++++ Record extracts ++++

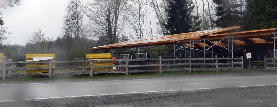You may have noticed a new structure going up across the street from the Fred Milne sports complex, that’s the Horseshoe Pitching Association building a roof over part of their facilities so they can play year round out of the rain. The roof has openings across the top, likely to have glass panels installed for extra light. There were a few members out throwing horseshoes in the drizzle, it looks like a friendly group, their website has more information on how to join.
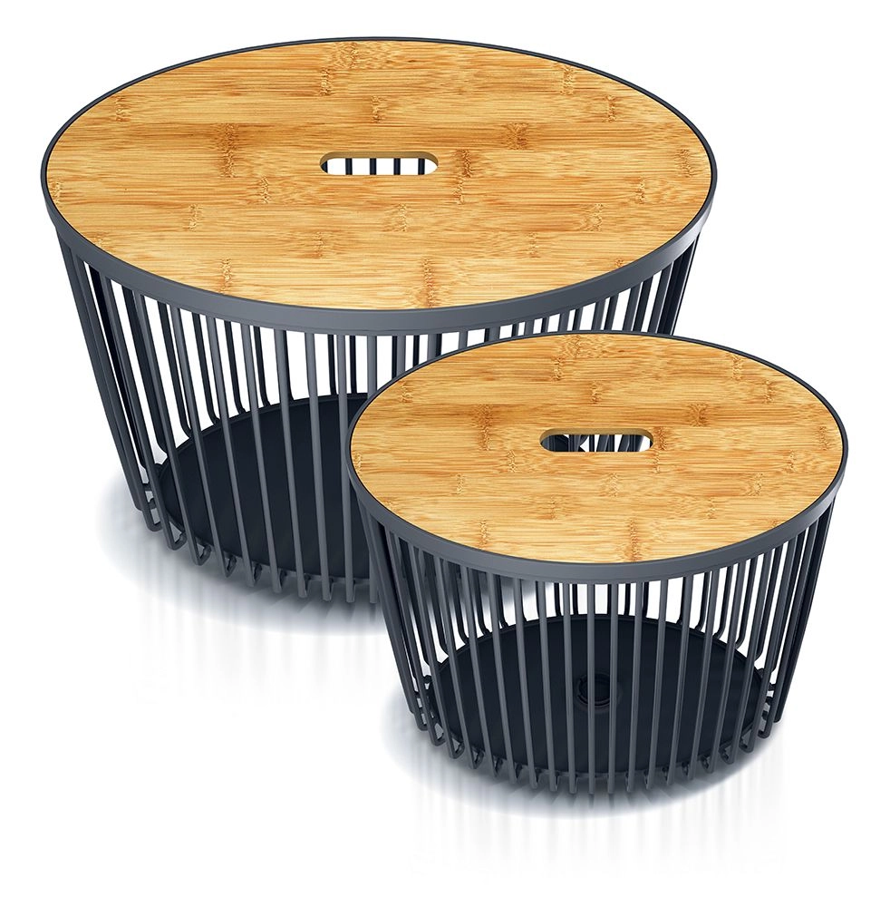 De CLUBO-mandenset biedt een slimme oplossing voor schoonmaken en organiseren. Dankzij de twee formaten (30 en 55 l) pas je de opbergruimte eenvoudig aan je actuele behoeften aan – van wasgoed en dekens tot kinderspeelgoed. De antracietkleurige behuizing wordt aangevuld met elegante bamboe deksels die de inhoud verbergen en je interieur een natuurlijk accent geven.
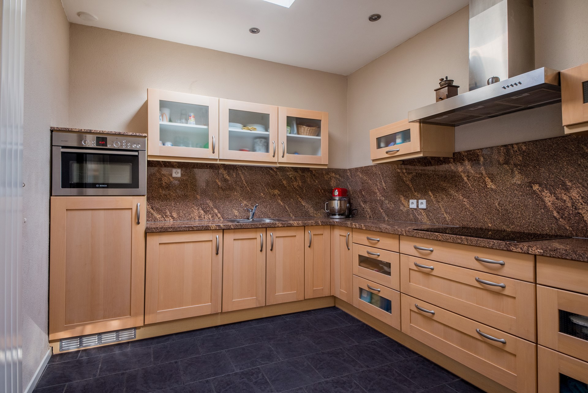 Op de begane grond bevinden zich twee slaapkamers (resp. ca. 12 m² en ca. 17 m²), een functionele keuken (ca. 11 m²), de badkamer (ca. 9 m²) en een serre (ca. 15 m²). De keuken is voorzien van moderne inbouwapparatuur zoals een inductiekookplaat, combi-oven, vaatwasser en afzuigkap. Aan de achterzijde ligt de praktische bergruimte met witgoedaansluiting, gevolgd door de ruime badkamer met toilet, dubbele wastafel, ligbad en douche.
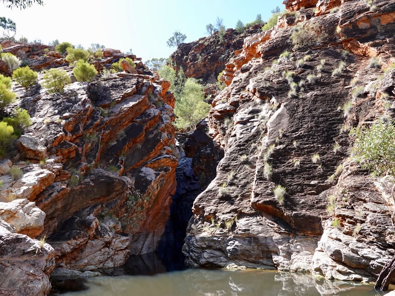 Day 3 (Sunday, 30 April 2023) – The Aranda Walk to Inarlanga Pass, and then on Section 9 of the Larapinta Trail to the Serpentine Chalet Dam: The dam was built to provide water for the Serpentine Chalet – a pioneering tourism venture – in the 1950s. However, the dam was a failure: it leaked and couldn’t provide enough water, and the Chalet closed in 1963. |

++++
++++ Record extracts ++++

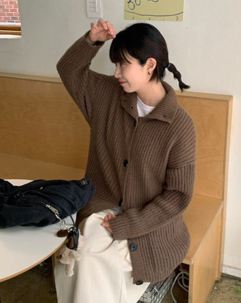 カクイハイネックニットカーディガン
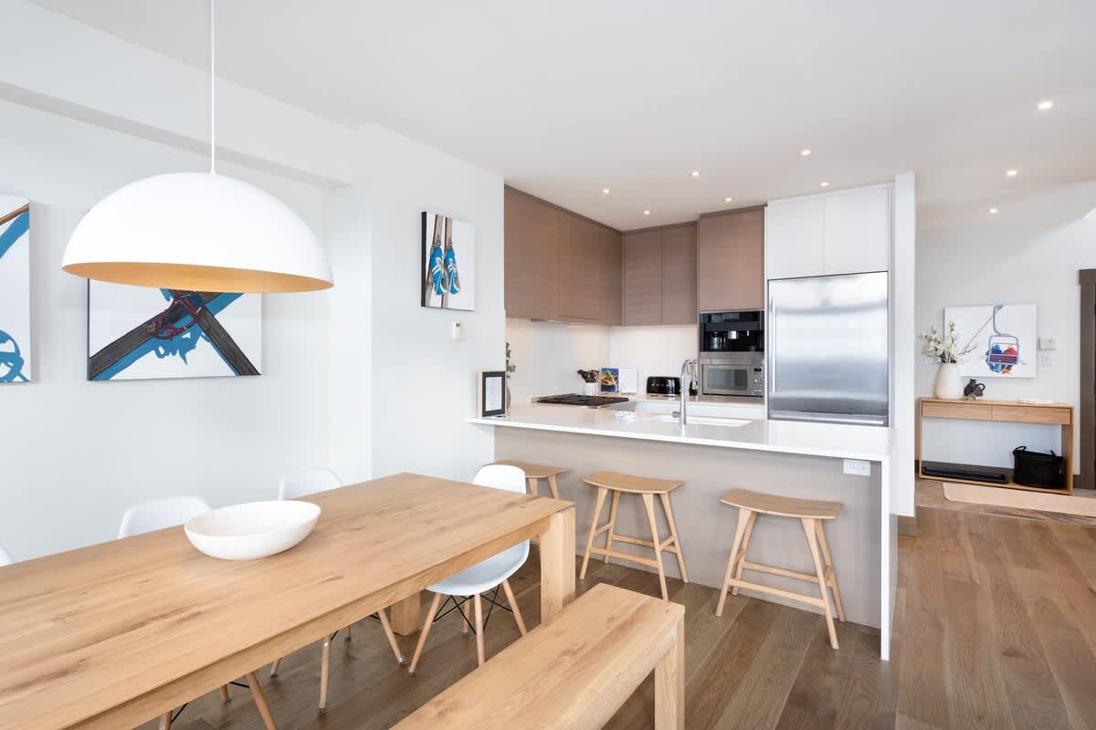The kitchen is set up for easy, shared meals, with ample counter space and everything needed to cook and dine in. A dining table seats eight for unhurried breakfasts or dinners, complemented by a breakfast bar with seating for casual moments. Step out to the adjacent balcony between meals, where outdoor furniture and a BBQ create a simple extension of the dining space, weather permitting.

++++

| Activity |
Transcribe the lines above exactly, beginning at the one with "カクイハイネックニットカーディガン" and ending at the one with "The kitchen is". Include both; exclude the pictures.

| Answer to this exercise |
 カクイハイネックニットカーディガン
The kitchen is set up for easy, shared meals, with ample counter space and everything needed to cook and dine in. A dining table seats eight for unhurried breakfasts or dinners, complemented by a breakfast bar with seating for casual moments. Step out to the adjacent balcony between meals, where outdoor furniture and a BBQ create a simple extension of the dining space, weather permitting.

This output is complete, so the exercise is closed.